Por Sousa Ribeiro (texto e fotos)

Bratislava, a cidade que floresceu no século XVIII e apenas se tornou independente em 1993, abandonou o cinzentismo dos tempos do domínio comunista para se tornar uma urbe cheia de vida e cor, com jovens de espírito empreendedor sempre e cada vez mais apostados em novos ventos de mudança.

- Not at all!

As palavras parecem exprimir uma certa irritabilidade mas é apenas aparente, nada mais do que uma reacção aos comentários depreciativos que ainda há bem pouco tempo eram imagem de marca de Bratislava. “Uma das capitais mais aborrecidas da Europa” e “A cidade de 400 mil habitantes e apenas 40 hotéis”, epítetos que Lucia Durackova declina alimentar com a mesma firmeza com que eu, acabado de chegar de Praga, me recuso a fazer um juízo de valor por me parecer de todo injusto — se bem que, ao primeiro impacto, são quase inevitáveis as comparações com a capital da República Checa.

- Bratislava pode ser uma pequena capital europeia mas não é, de maneira nenhuma, uma cidade aborrecida. Quem a definia como tal deve ter passado por aqui há muitos anos, numa época e numa conjuntura bem distintas. Os tempos mudaram e Bratislava está actualmente a desenvolver um conjunto de actividades focadas no ambiente e no entretenimento. Muitos restaurantes, com um toque especial de culinária, abriram nos últimos anos e logo de seguida surgiram novas atracções para os turistas se divertirem, festivais de rua e organização de eventos desportivos. Temos até, durante os meses de Verão, uma praia com bares e campos de voleibol.

Lucia Durackova sente um enorme prazer em caminhar na promenade, escutando os rumores que sobem do Danúbio, perscrutando os barcos que rasgam as suas águas estilhaçadas pela luz do sol como se fossem mil espelhos. Como ela, também Jakub Zilincan tem dificuldade em compreender o cliché que, como um halo, envolve Bratislava. “Eu diria que é uma cidade tranquila, muito calma. Mas não aborrecida. Para ver as principais atracções turísticas um fim-de-semana pode ser suficiente; para sentir o ambiente fantástico que a caracteriza é necessária pelo menos uma semana, especialmente no Verão, com tantos acontecimentos em diferentes áreas que enchem de vida e de cor o centro.”

A ponte liga as duas margens e no topo, num dos extremos, projecta-se contra o céu azul uma estrutura em forma de disco voador onde funciona um restaurante que pratica preços que pouco ou nada têm a ver com a realidade eslovaca. As semelhanças com um ovni são tantas que qualquer cidadão local a conhece por UFO (sigla em inglês para Objecto Voador Não Identificado), designação que também se estende à própria ponte, cuja construção, entre finais da década de 1960 e início de 1970, motivou a destruição de alguns edifícios da cidade antiga, como o bairro judeu e a própria sinagoga.
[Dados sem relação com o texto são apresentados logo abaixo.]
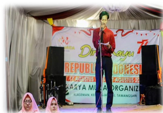
Sumber: Foto Peneliti (27 Agustus 2022)
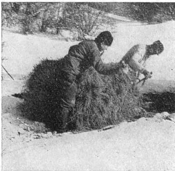
Obr. 12. Formovanie plného ražňa pomocou sošiek.
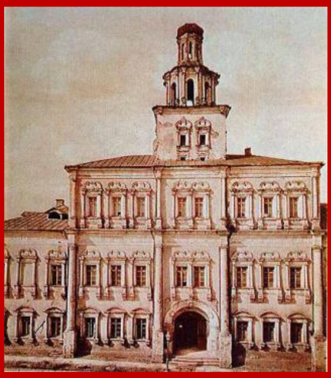
Первое здание Московского университета
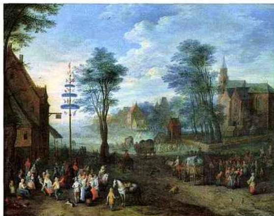
Joseph van Bredael, Scène villageoise avec la danse de l'arbre de Mai . Signé du monogramme. Huile sur cuivre, 30,5 x 39 cm. Paris, galerie Florence de Voldère.

« Nocturne Rive Droite », le mercredi 3 juin 2015 de 17h à 23h dans le VIII e arrondissement de Paris. www.art-rivedroite.com
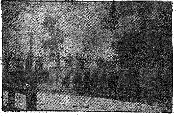
Znów padło jedno z osiedli na Wschodzie. — Plechota niemiecka, po przygotowaniu artylerijsko lotniczym, zdobyła je szturmem.

Z dniem 7 września zakazane zostało w Rumunii jakiegokolwiek używanie samochodów dla celów prywatnych. Samochody mogą być używane jedynie dla celów zawodowych. Równocześnie zarządzono zamknięcie wszystkich autobusowych linii komunikacyjnych biegnących równoległe do linii kolejowych. Ponadto wprowadzono szybki maksymalnie dla pojazdów mechanicznych.
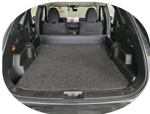
Kit société seul
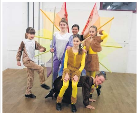
Steptanz ist ihre Leidenschaft: eine Gruppe der MignonDance Academy Aarau
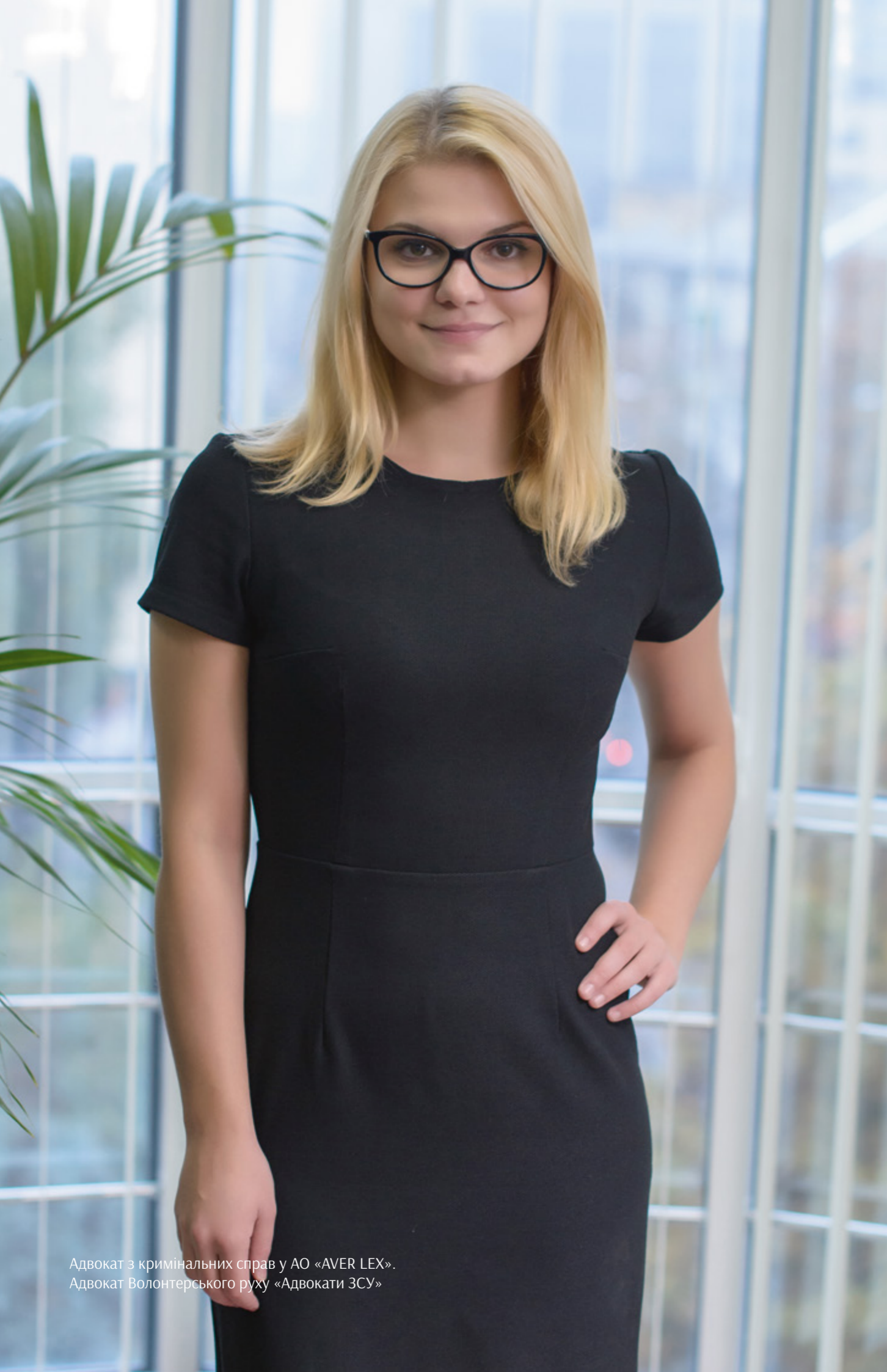
Адвокат з кримінальних справ у АО «AVER LEX». Адвокат Волонтерського руху «Адвокати ЗСУ»

- Aborrecida? Como é que alguém pode pensar dessa forma? Aceito que Bratislava enfrenta alguns problemas de marketing para promover determinados eventos junto do grande público mas, atendendo ao número de actividades culturais e de lazer que oferece, parece-me de todo injusto considerá-la uma das capitais mais aborrecidas da Europa, defende outro jovem eslovaco, Josef Kleberc, em perfeita sintonia com os amigos Lucia Durackova e Jakub Zilincan.   

A imponência do castelo

Sigo o conselho de Josef Kleberec e embrenho-me pelas ruas órfãs de turistas da parte de trás do castelo que se ergue imponente, relembrando um tempo em que funcionava como vigilante supremo dos invasores que sulcavam as águas do rio. Daqui, com uma panorâmica privilegiada, o olhar tanto cai na parte antiga como em Petrzalka, na área residencial construída ao longo de 45 anos de governação comunista. Os blocos de apartamentos, inestéticos e todos em betão, como uma selva, estendem-se pela outra margem do Danúbio, todos tão iguais que, ainda hoje, em Bratislava, se contam histórias de homens ou de mulheres que, tendo bebido umas poucas (muitas) cervejas, assomavam à porta de outro prédio antes de se aperceberem do equívoco.